Странно! Две сестры, у одной нет мужа, но есть ребенок, другая замужем, но без детей, – отчего бы им не стать еще ближе? Отчего одна сестра не отдаст племяннику всю свою неутоленную материнскую любовь? Отчего другая не полюбит мужа своей сестры как родного брата? Но нет, не получалось почему-то. Безмужняя и бездетная не выносили друг друга. Каждая не прощала другой своего ущерба. Короче говоря, приход старшей сестры к нему на день рождения был совершенно невозможен. Равно как и их визит к тестю и теще на День Победы обуславливался тем, что сестрица с сыном уезжает к подруге на дачу. Если родные люди, по крови родные, вместе выросшие, не желают знать друг друга, то чего же ждать от друзей и знакомых? Но почему такое уродство? Почему?

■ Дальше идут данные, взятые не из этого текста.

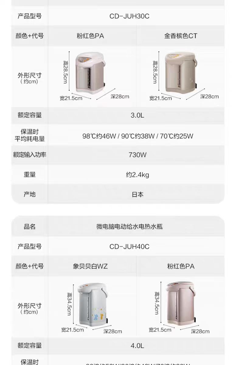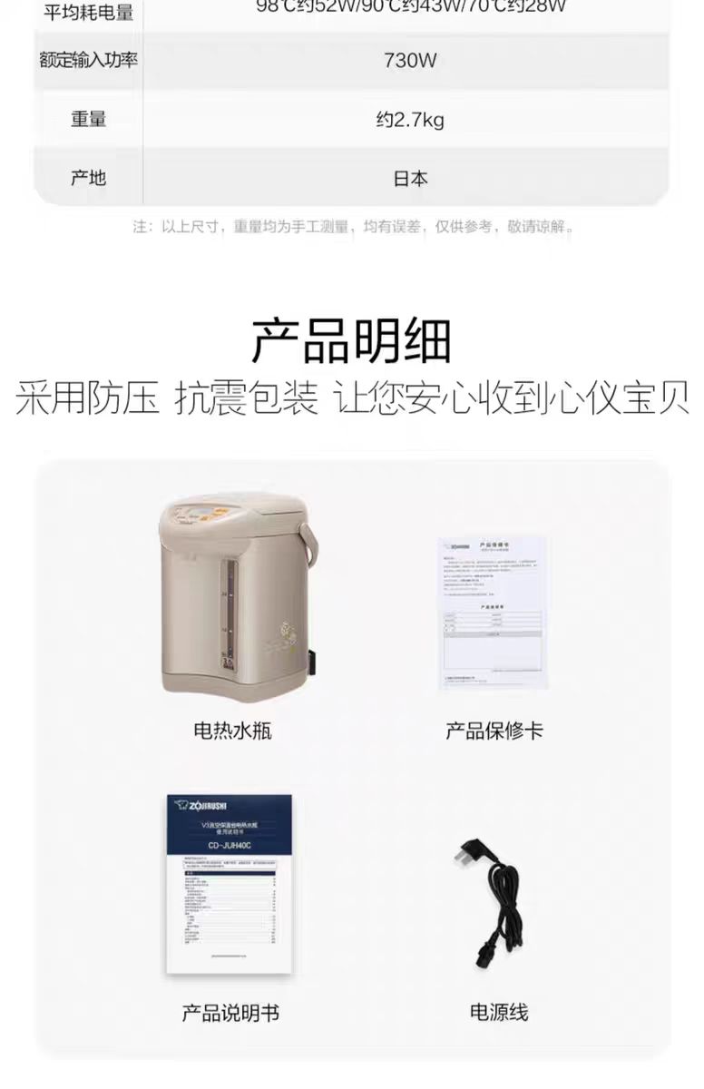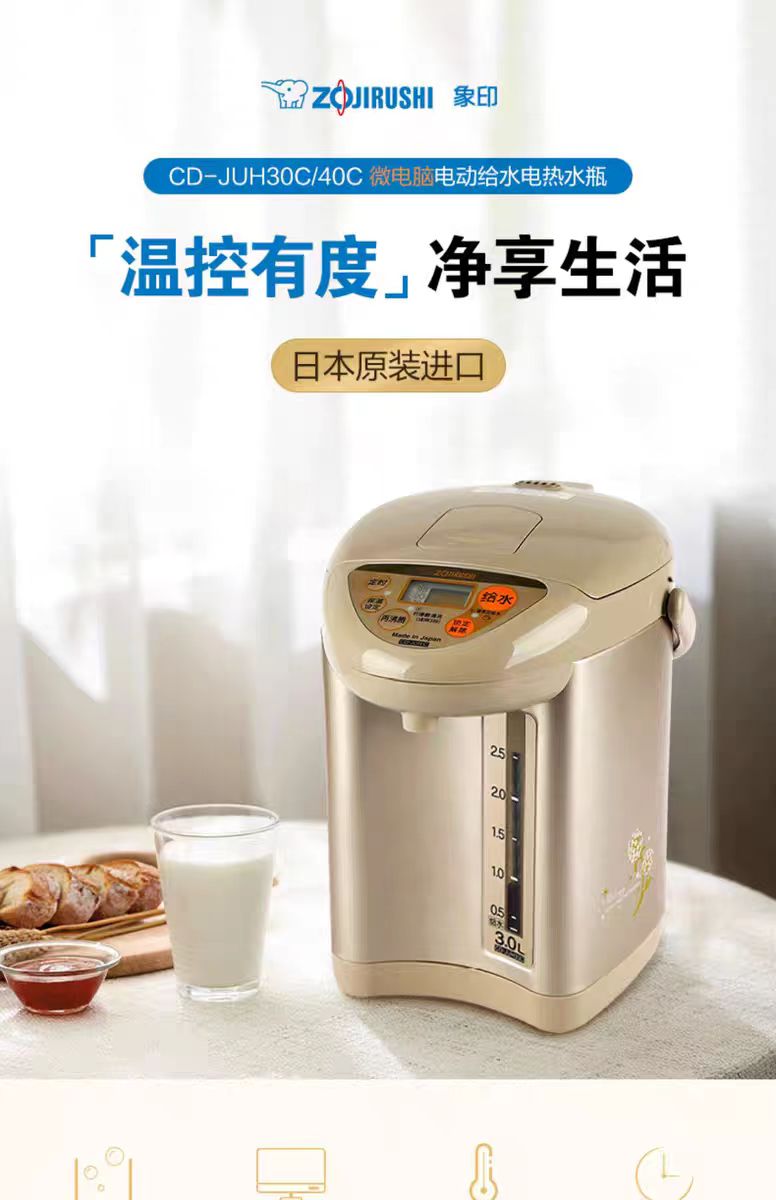 【春上新】10楼 象印 电热水瓶 JUH40C 贝贝白 4L 吊牌价3198元 活动价1799元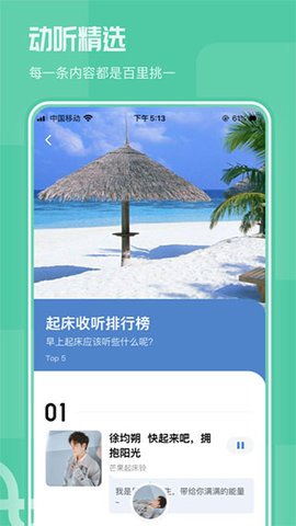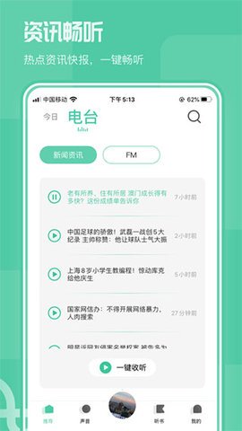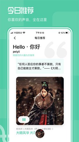 4、通过智能推荐算法和人工精选订制,你可以一站式聆听全国电台的节目,而且这款App更懂你的兴趣,会为你提供更加个性化的feed流音频节目。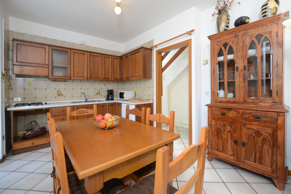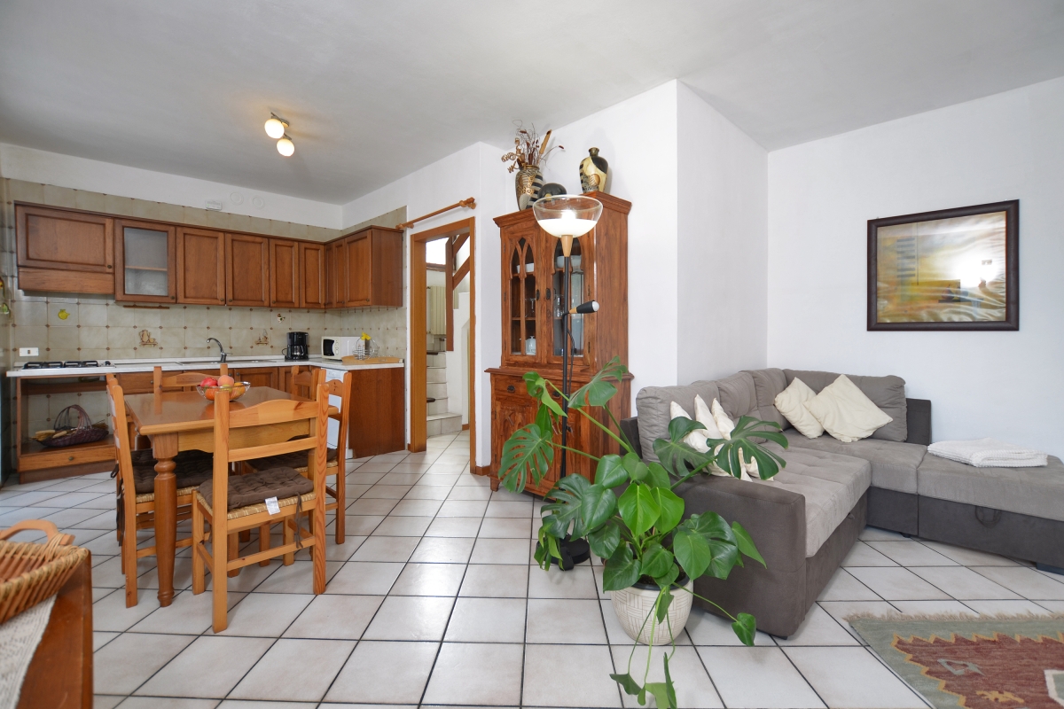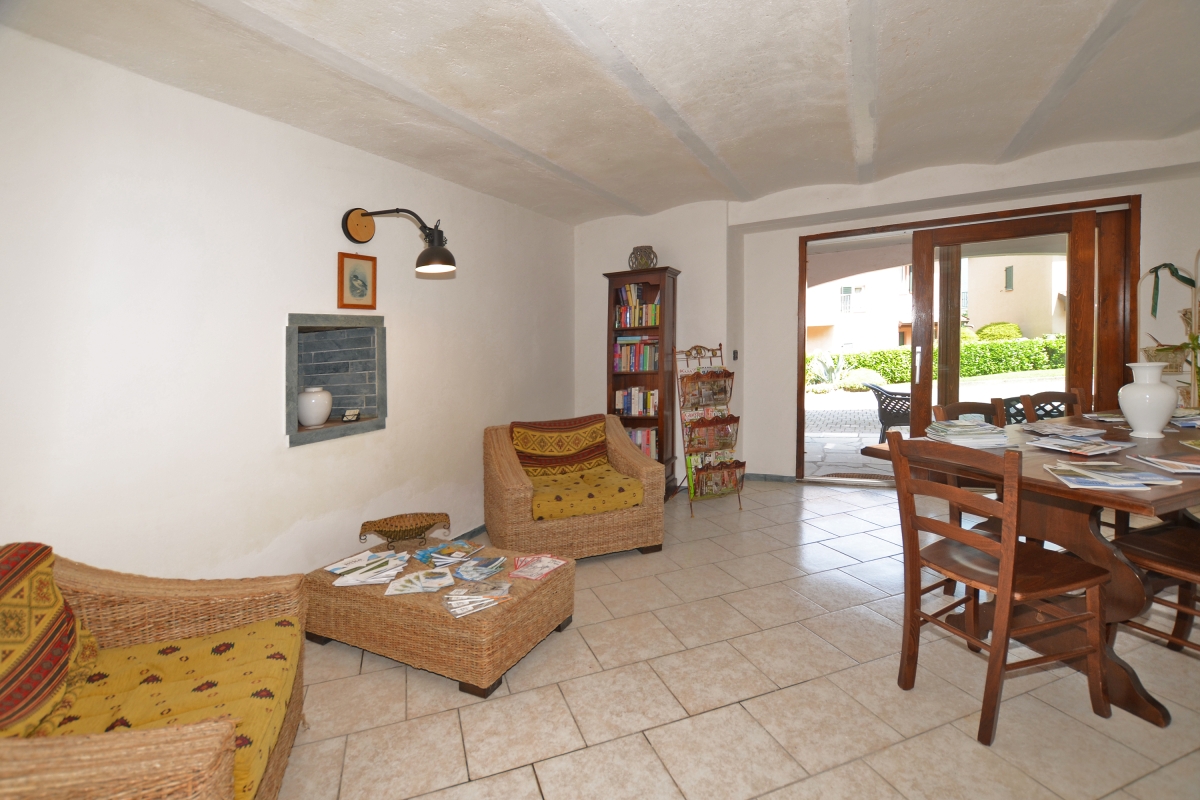 The large shared gardens are delightful and very well-kept, with open lawns and a children’s play area. The shared swimming pool (unheated) has sun loungers for guests to use after a refreshing dip. Next to the apartment is a communal loggia seating area where guests can meet up and where there is Wi-Fi coverage.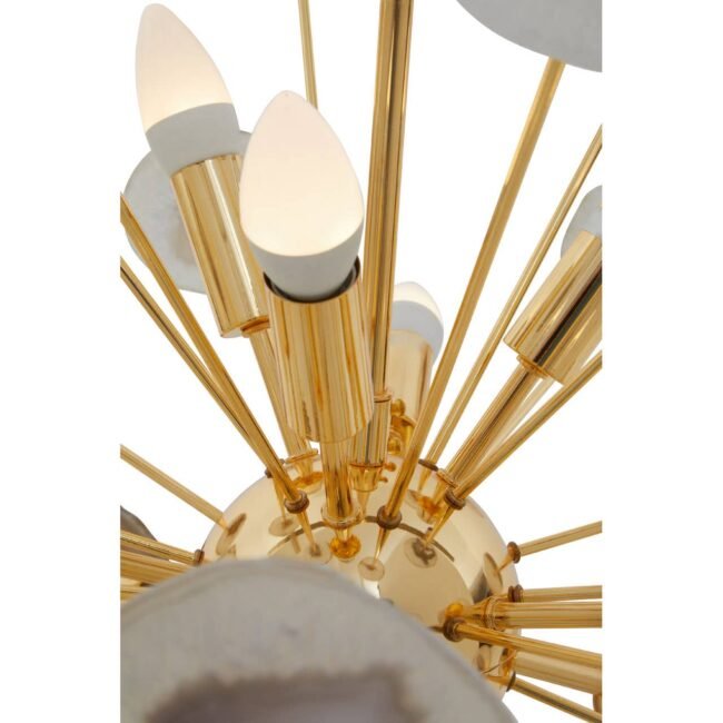 Glamira Twelve Bulb Pendant Light: Intricately handcrafted, this contemporary pendant light brings radiance and an organic charm to the living area. Creating a chic statement, the sphere design metal frame features several discs of agate neatly adjusted in front of twelve bulbs.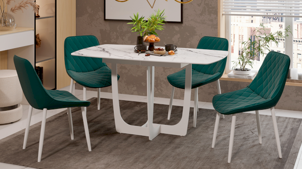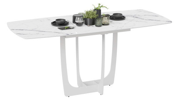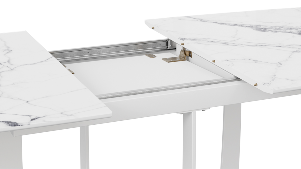 Разнообразие актуальных цветовых исполнений позволяет приобрести модель исходя из индивидуальных предпочтений каждого потребителя, подобрав мебель на любой вкус и цвет. Новинка представлена в декорах с глянцевой белой и черной столешницей, с рисунком «под мрамор», которые воплощают роскошь современных модных тенденций, а столешница со стеклом «оникс» выражает благородство и безупречность. Вставка изготовлена со стеклом, на которой продолжается рисунок декора, что позволяет столу не терять эстетической окраски даже в разложенном варианте, делая образ изделия целостным и завершенным.

Почему? – и Саша в отчаянии потряс сжатым кулаком, и тут дверь открылась, и вошла жена, и он испугался, что она увидит, как он тут молча жестикулирует сам с собой, и подумает бог весть что. Поэтому Саша откинулся на спинку стула и улыбнулся, пытаясь встретиться с ней глазами. Но она совершенно не заметила его движений. Она собрала со стола следующую порцию грязной посуды, отнесла на кухню, вернулась, сложила в прозрачный пакет нарезанный хлеб, а в опустевшую хлебницу составила рюмки. Саша увидел, что она все делает так, как будто его в комнате нету. О, такое часто у них бывало – но нет! Тогда было иначе. Тогда она была обижена, была в ссоре, она изображала, подчеркивала, что его нет, – а когда делают вид, что тебя нет, значит, ты очень даже есть! А сейчас она на самом деле не обращала на него внимания. Даже присела покурить и даже переглянулась с ним, и это было еще неприятнее – доброжелательный взгляд чужого человека.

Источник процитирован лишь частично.